Nederlands recht is leidend
De oorspronkelijke overeenkomst betrof (samengevat) het openen en faciliteren van een effectenrekening door de Luxemburgse partij op basis waarvan zou kunnen worden geconcludeerd dat Luxemburgs recht alle overeenkomsten beheerste. Evenwel lag de basis voor alles wat er op de Luxemburgse effectenrekening stond vast in een overeenkomst tot beleggingsadvies en vermogensbeheer tussen de Nederlandse tussenpersoon en de Nederlandse partij. Het Gerechtshof concludeerde uiteindelijk dat de (Nederlandse) beleggingsconstructie in deze casus leidend was, zodat ook de vaststellingsovereenkomst beheerst werd door Nederlands recht. De Luxemburgse partij diende zich dus naar Nederlands recht te verweren.

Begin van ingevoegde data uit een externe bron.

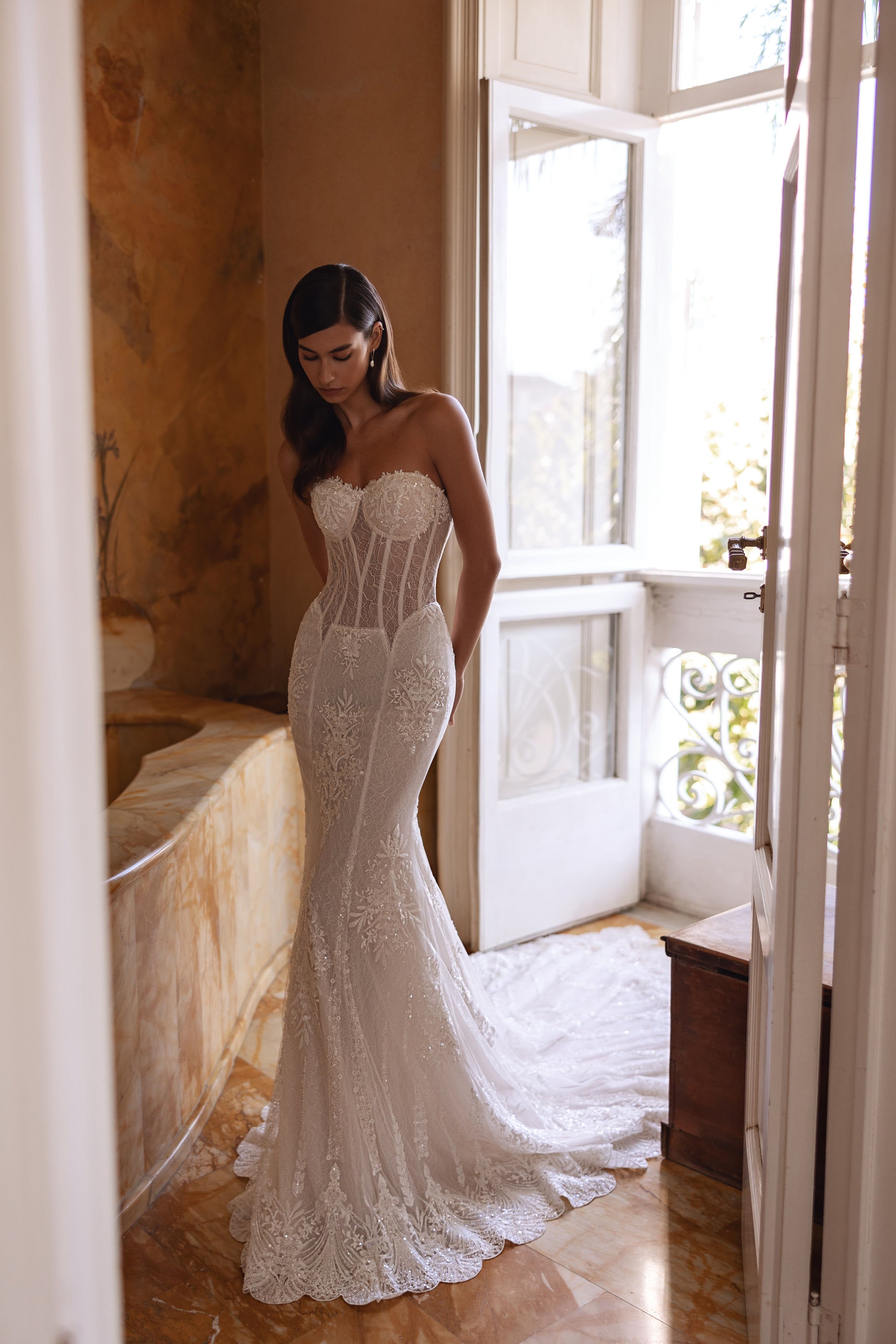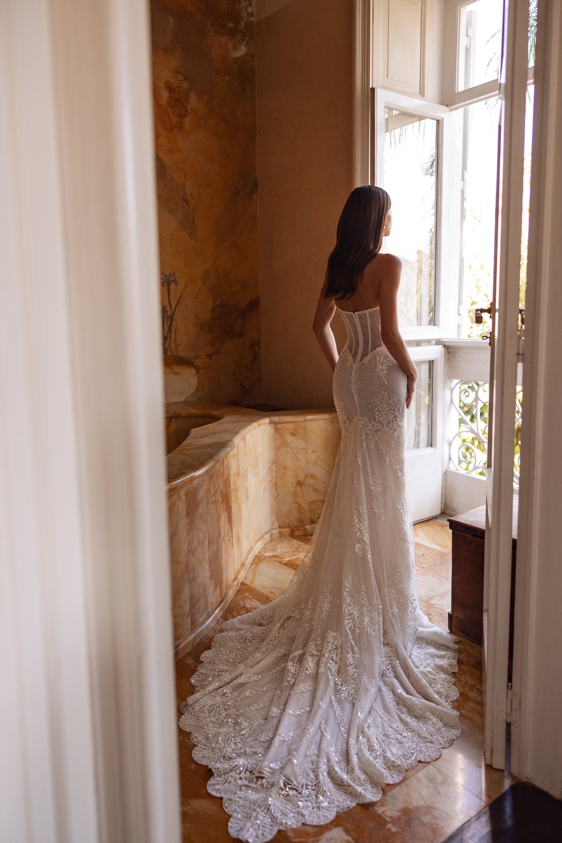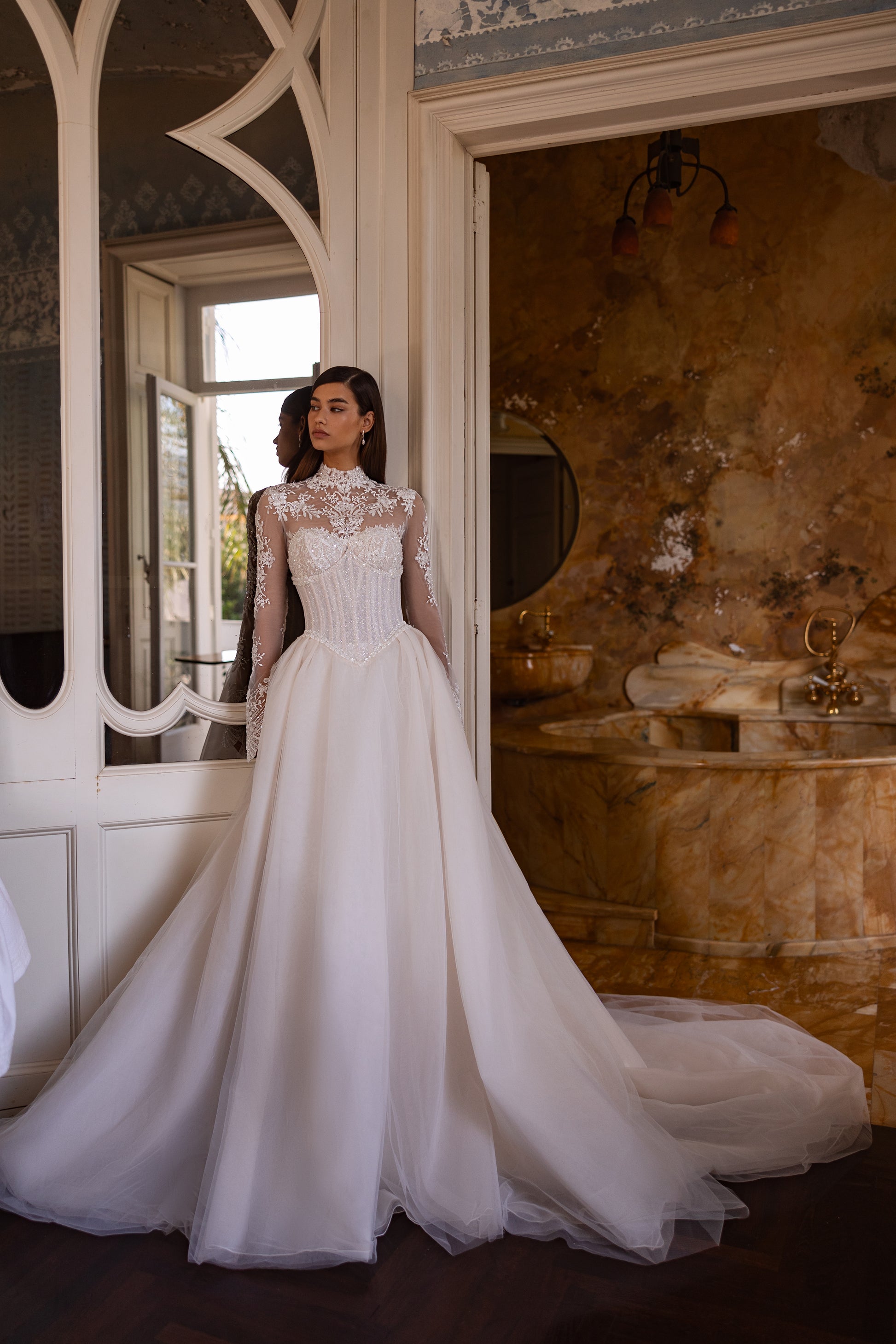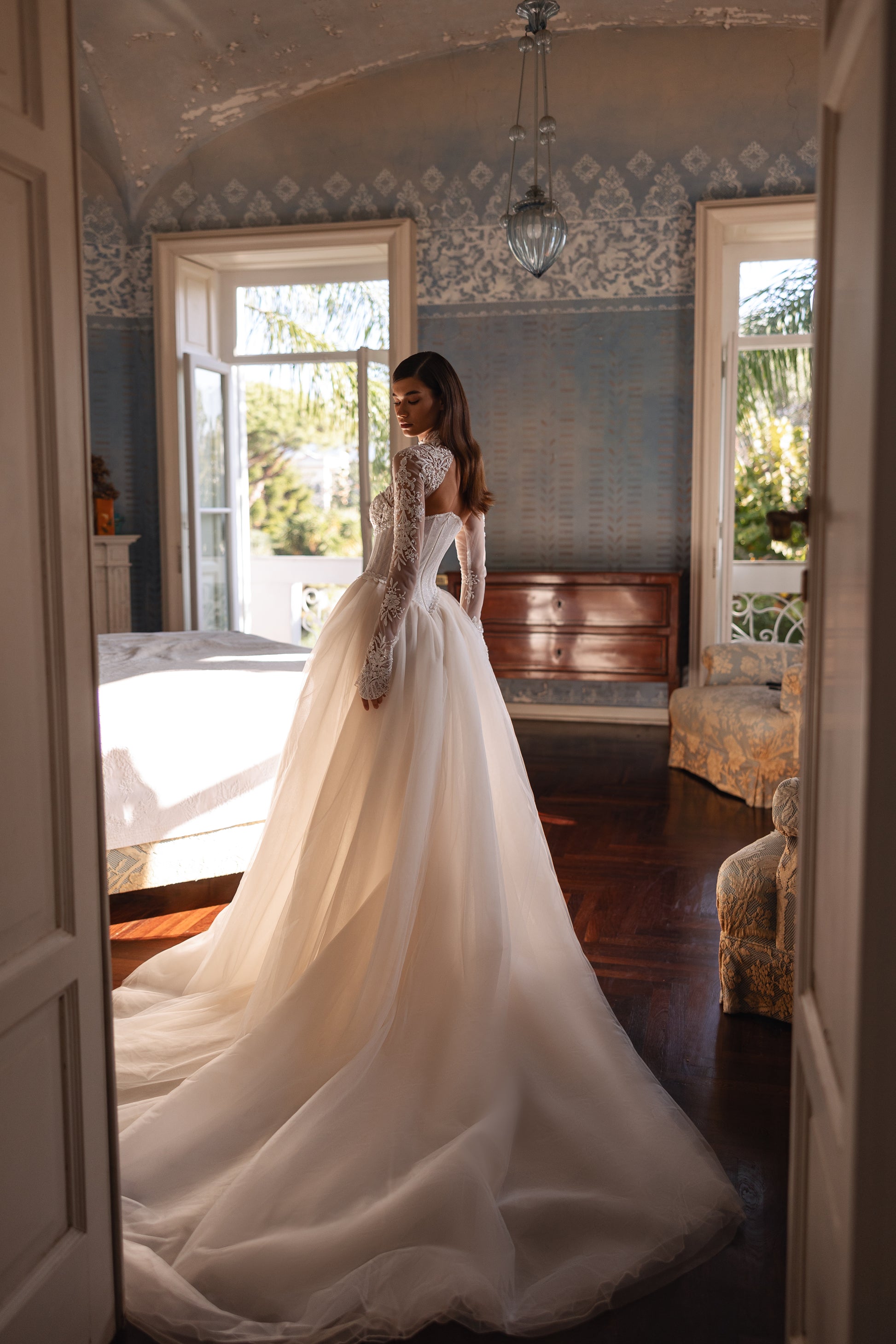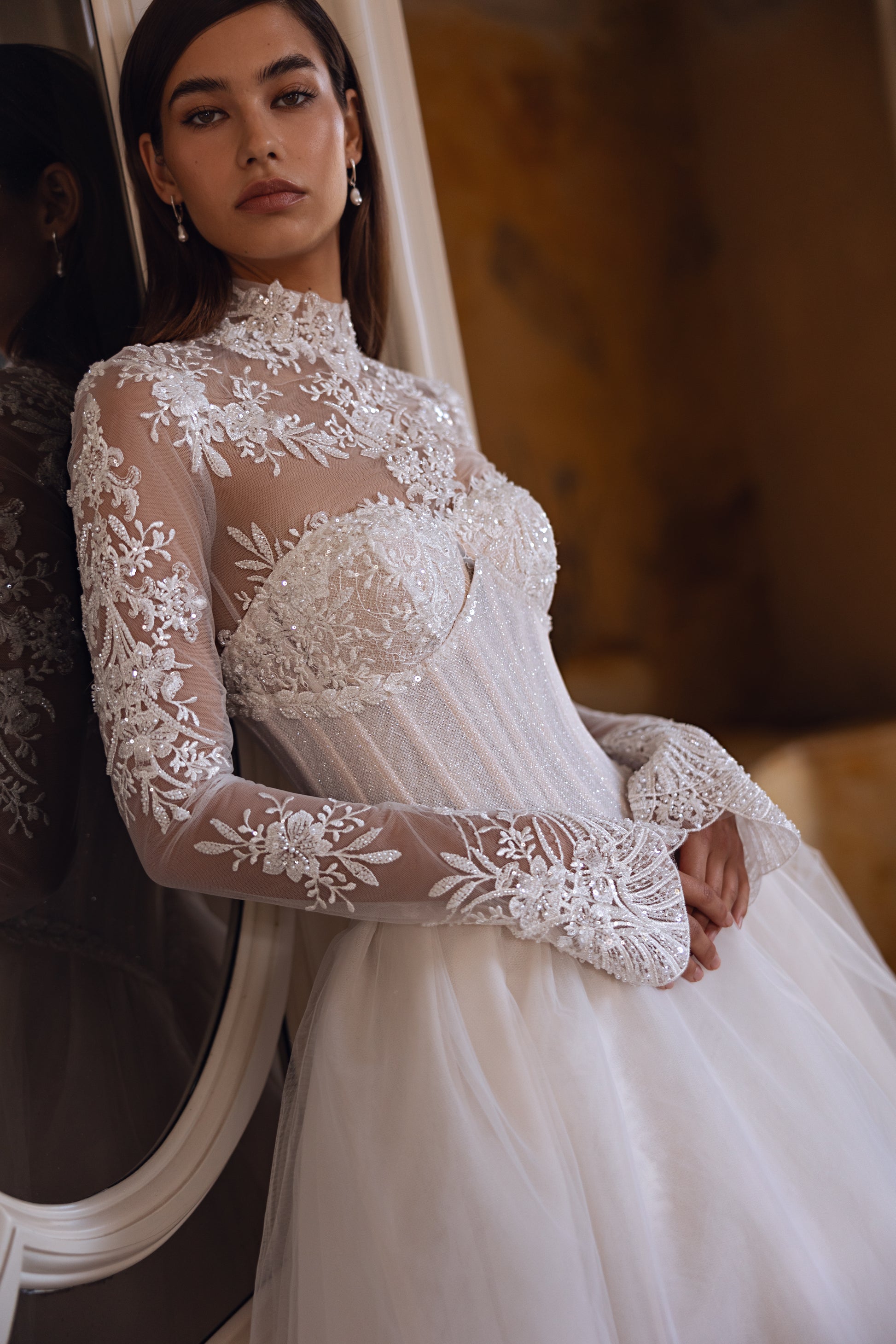 Unpredictable yet effortlessly elegant, this gown combines glittering Chantilly lace, guipure accents, and exquisite beadwork. A detachable shoulder-covering detail and removable lush skirt let you transform the look—go dramatic or refined, depending on the moment.

Deze zoektocht naar het toepasselijke recht had voorkomen kunnen worden indien partijen een rechtskeuze hadden gemaakt. Zowel onder het EVO als onder de Rome 1 Verordening die voor overeenkomsten vanaf 17 december 2009 of latere datum geldt, scheelt dat veel onduidelijkheid.
En de uitkomst? Het Gerechtshof bekrachtigde het vonnis van de rechtbank omdat ook het Gerechtshof van oordeel was dat de Nederlandse partij in zijn brieven finale kwijting had verleend aan de Luxemburgse partij. De termijn voor cassatie bij de Hoge Raad is nog niet verstreken, zodat de zaak nog een vervolg zou kunnen krijgen.